Der Totalbestand an Jungen hätte damit rund 280 Vögel betragen können. In einem normalen Jahr hätte bis zum Ausfliegen mit einem Abgang von 20 Prozent gerechnet werden müssen, sodass ungefähr 200 bis 230 junge Alpensegler ausgeflogen wären. Heute leben noch 3 Junge, und, ob diese zum Ausfliegen kommen ist sehr zweifelhaft. Diese, hier mit Zahlen belegte Tragödie wird sich in allen Alpenseglerkolonien und auch bei den Mauerseglern abgespielt haben. Im Bieltor fand ich einen Altvogel tot auf seinen zwei Eiern liegen; ich glaubte ihn zuerst noch brütend anzutreffen. Solche Ergebnisse reizen immer wieder zu Vergleichen. Im „Niethammer: Vogelkunde" ist in Bd. 2 page 45 eine Beobachtung von Hugues 1907 zit., nach welcher der Mauersegler zwanzig Tage ohne Futter leben könne (fasten, steht wörtlich). Mauer- und Alpenregler sind in ihrem Wesen so nahe verwandt, dass diese Beschreibung auch auf den Alpensegler zutreffen sollte Die Praxis dieses Jahres hat nicht gezeigt, dass Mauer- und Alpensegler solange ohne Futter bleiben konnten.

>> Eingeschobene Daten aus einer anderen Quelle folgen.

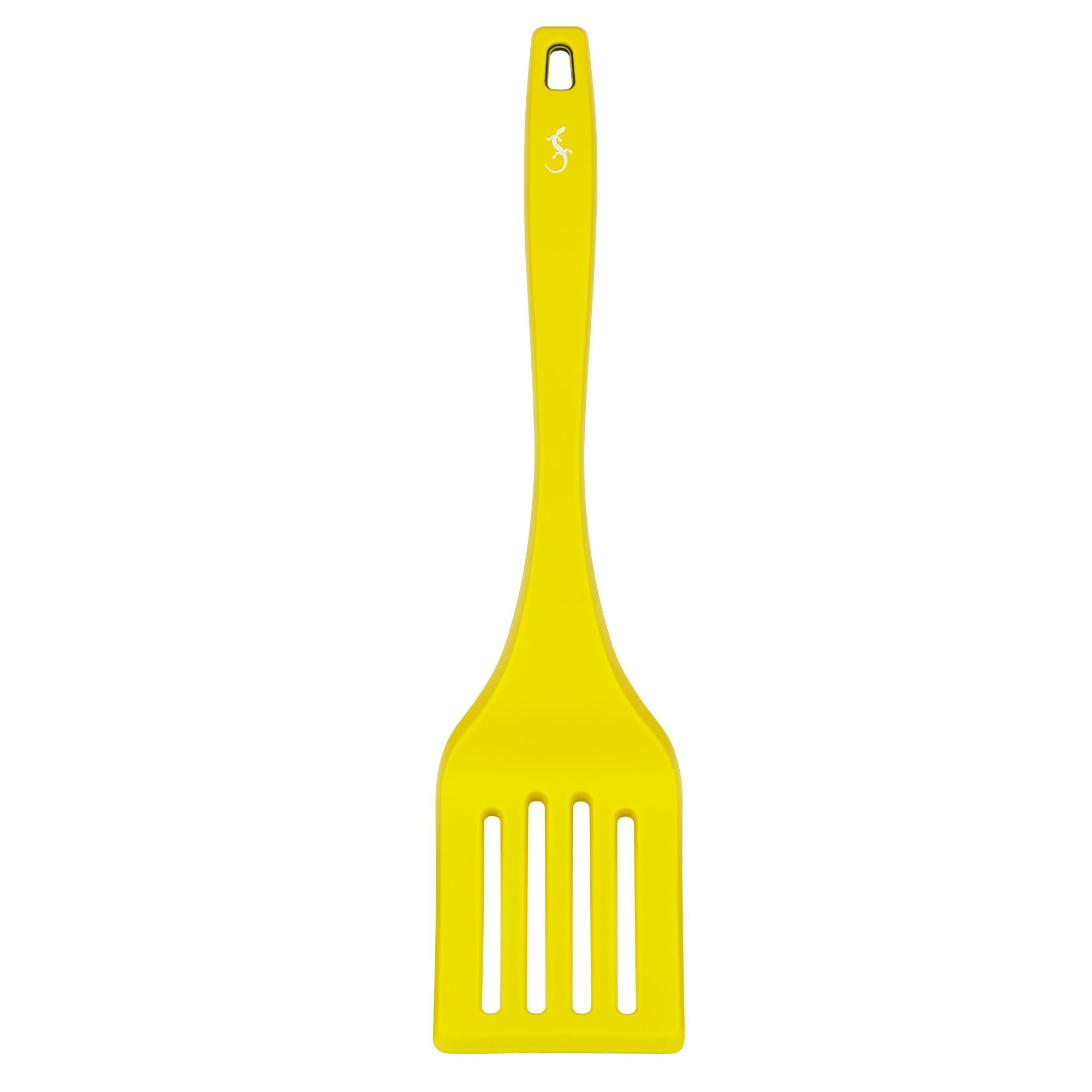 Dank seiner abgeschrägten Kante lassen sich selbst Eierspeisen rückstandslos von Pfannen- und Topfböden lösen. Die praktischen Schlitze in der Fläche sorgen zudem für ein sauberes Ablaufen von Bratfett.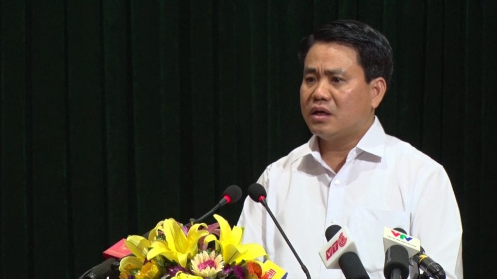 Ông Nguyễn Đức Chung phát biểu tại buổi công bố dự thảo kết luận thanh tra đất Đồng Tâm. Ảnh: Báo Hà Nội Mới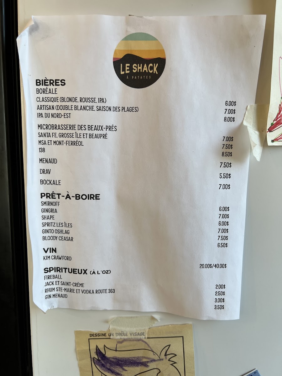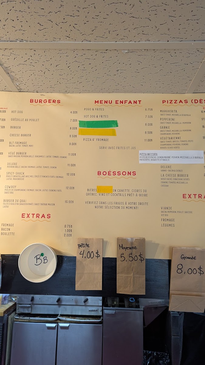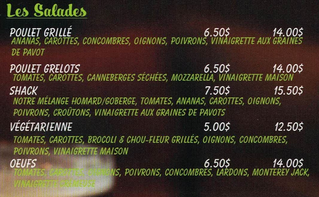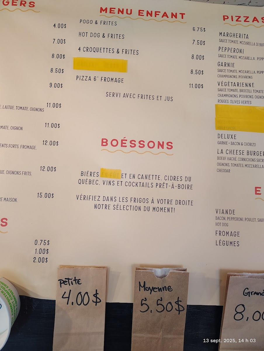 From a reviewer’s perspective, Le Shack À Patates delivers a menu that perfectly blends classic comfort food with playful twists. The grignotines section tempts with POGO, cornichons panés (4), oignons français, bouchées de fromage, and ailes de poulet, making for ideal starters or snackable bites. Their poutines showcase variety, from the traditionnelle to the indulgent saucisses hot dog, Shack, poulet popcorn, and mexicaine, each offering a hearty, satisfying experience. For simpler sides, the sac de frites is a generous option. The burgers range from casual favorites like the hot dog and cheeseburger to the more inventive guédille au poulet and BLT fromage, ensuring choices for all tastes. Young diners are not forgotten, with the menu enfant featuring POGO & frites, hot dog & frites, and 4 croquettes & frites, catering to smaller appetites. Evening pizza lovers can enjoy options starting at 5 PM, including Margherita, Pepperoni, Garnie végétarienne, and Deluxe, rounding out a menu that balances indulgence, variety, and accessibility. Each item feels thoughtfully curated, offering both classic flavors and playful combinations that make dining here a reliably satisfying experience.

Zum Schluss dieser Trauerbotschaft möchte ich noch etwas Positives berichten.

Bis zum Beginn der oben beschriebenen Katastrophe hatte ich Gelegenheit 89 Alpensegler im Bieltor und in der Jesuitenkirche zu kontrollieren. Davon sind 56 Individuen als Jungvögel beringt worden. Nachstehend das Ergebnis der Berechnung des Alters dieser als nestjung beringten Alpensegler.

1 Alpensegler beringt 1947 1 Jahr alt

4 " 1946 2 Jahre alt

6 " 1945 3 "

8 " 1944 4 "

5 " 1943 5 "

9 " 1942 6 "

4 " 1940 8 "

3 " 1939 9 "

1 " 1938 10 "

4 " 1937 11 "

4 " 1936 12 "

3 " 1935 13 "

2 " 1934 14 "

2 " 1932 16 "

Die beiden 16jährigen Kerle waren körperlich sehr gut beieinander, man sah ihnen das Alter nicht an. Damit soll über das erreichbare Alter der Alpensegler nicht abschliessend geurteilt werden, die später wiederholten Kontrollen werden bestimmt noch höhere Werte geben. Das Geburtsjahr der beiden alten Vögel war der Beginn meiner Untersuchungen am Alpensegler in Solothurn.

Abschliessend ist festzustellen, dass der diesjährige Misserfolg im Brutgeschäft den Weiterbestand der Kolonien kaum beeinflussen wird. Die Altsegler sind wieder gut im Schuss. Das bisherige Wetter der letzten vierzehn Tage hat dazu beigetragen. Da sie jetzt für die Brutpflege nicht in Anspruch genommen werden, haben sie Gelegenheit, sich zu erholen. Sie haben es notwendig, sie sind ausserordentlich abgemagert. Des Morgens und abends tollen sie um die Brutplätze und fliegen in die Kolonien ein, als ob sie füttern würden.